Leave every image behind and restate the data word for word.

(Data shown):
┌──

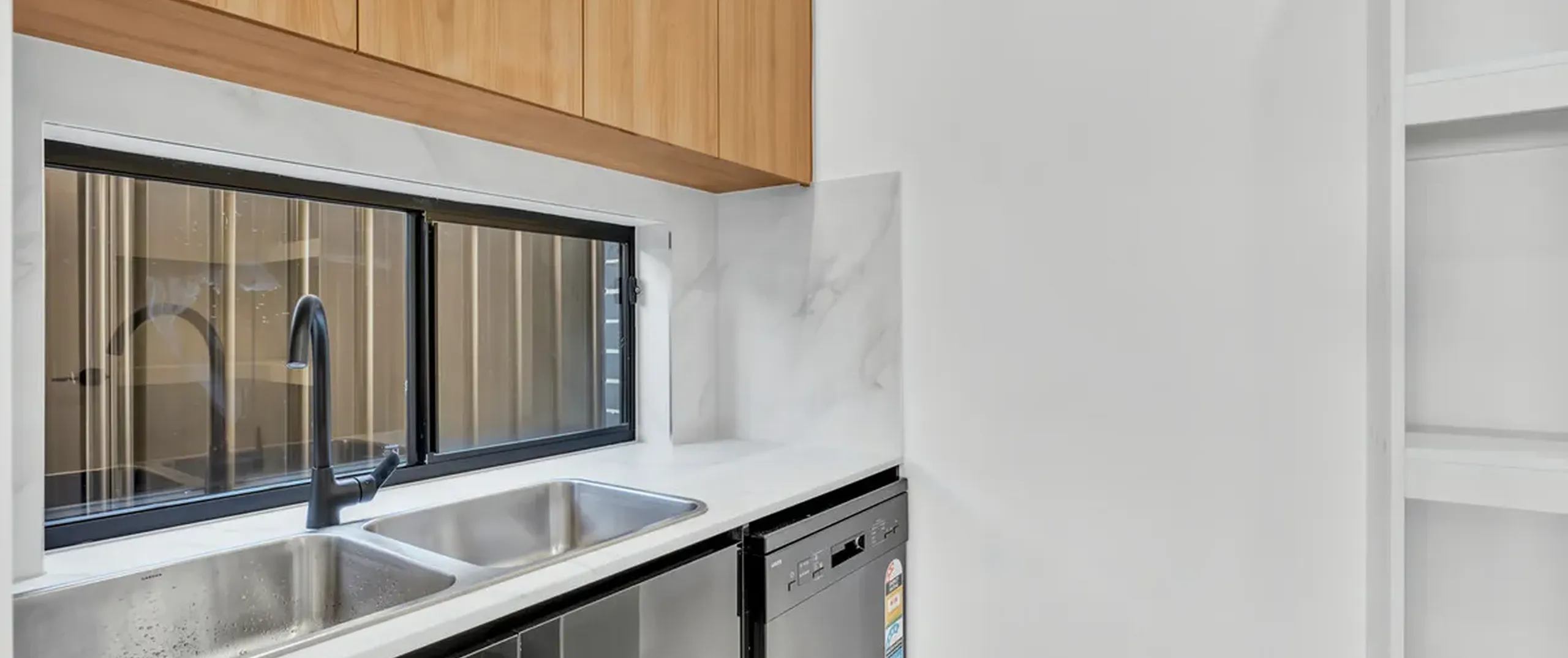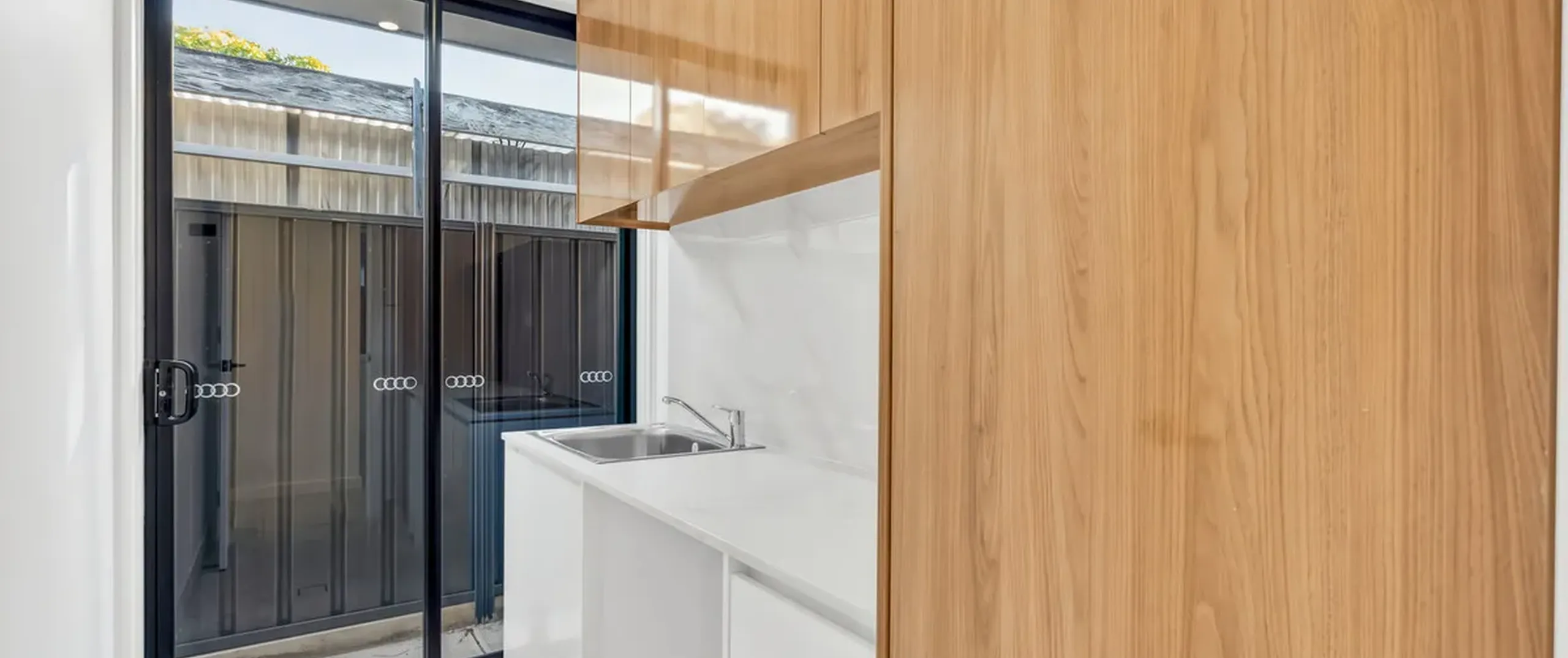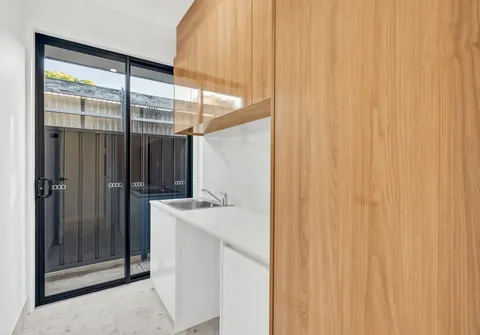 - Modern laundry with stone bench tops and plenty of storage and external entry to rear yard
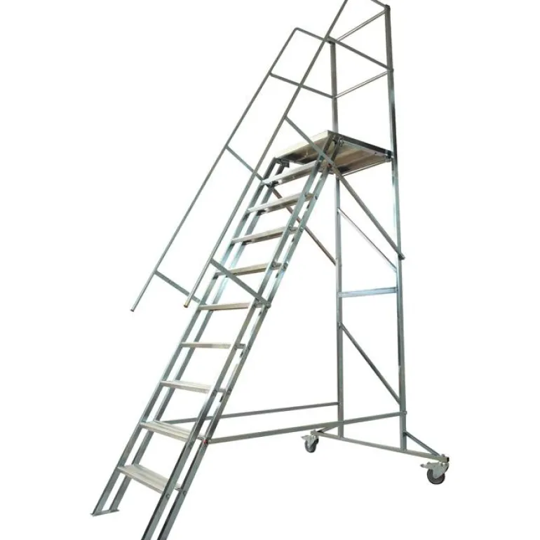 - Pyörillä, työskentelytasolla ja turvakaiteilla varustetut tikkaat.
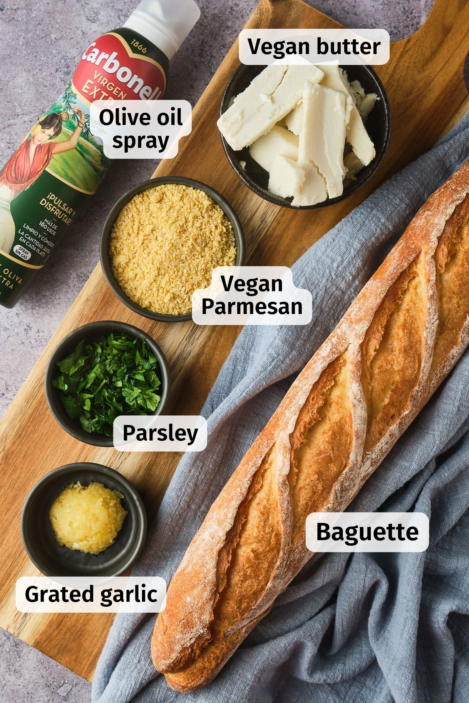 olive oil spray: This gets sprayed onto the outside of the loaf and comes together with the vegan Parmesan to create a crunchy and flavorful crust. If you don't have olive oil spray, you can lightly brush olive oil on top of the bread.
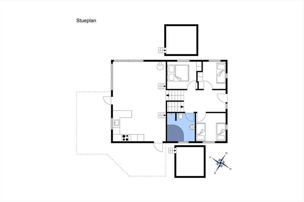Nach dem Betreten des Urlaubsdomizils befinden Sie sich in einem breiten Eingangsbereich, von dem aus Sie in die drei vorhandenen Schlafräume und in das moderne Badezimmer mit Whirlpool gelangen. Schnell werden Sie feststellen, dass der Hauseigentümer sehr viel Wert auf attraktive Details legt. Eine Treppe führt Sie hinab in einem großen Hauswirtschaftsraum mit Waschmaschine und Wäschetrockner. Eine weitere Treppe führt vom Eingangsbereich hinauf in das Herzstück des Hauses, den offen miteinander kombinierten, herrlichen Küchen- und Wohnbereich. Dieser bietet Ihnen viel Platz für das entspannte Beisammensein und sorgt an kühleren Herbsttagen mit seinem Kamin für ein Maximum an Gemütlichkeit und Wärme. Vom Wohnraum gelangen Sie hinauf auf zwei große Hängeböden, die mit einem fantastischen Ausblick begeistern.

└──

(Exercise result):
 - Modern laundry with stone bench tops and plenty of storage and external entry to rear yard
 - Pyörillä, työskentelytasolla ja turvakaiteilla varustetut tikkaat.
 olive oil spray: This gets sprayed onto the outside of the loaf and comes together with the vegan Parmesan to create a crunchy and flavorful crust. If you don't have olive oil spray, you can lightly brush olive oil on top of the bread.
Nach dem Betreten des Urlaubsdomizils befinden Sie sich in einem breiten Eingangsbereich, von dem aus Sie in die drei vorhandenen Schlafräume und in das moderne Badezimmer mit Whirlpool gelangen. Schnell werden Sie feststellen, dass der Hauseigentümer sehr viel Wert auf attraktive Details legt. Eine Treppe führt Sie hinab in einem großen Hauswirtschaftsraum mit Waschmaschine und Wäschetrockner. Eine weitere Treppe führt vom Eingangsbereich hinauf in das Herzstück des Hauses, den offen miteinander kombinierten, herrlichen Küchen- und Wohnbereich. Dieser bietet Ihnen viel Platz für das entspannte Beisammensein und sorgt an kühleren Herbsttagen mit seinem Kamin für ein Maximum an Gemütlichkeit und Wärme. Vom Wohnraum gelangen Sie hinauf auf zwei große Hängeböden, die mit einem fantastischen Ausblick begeistern.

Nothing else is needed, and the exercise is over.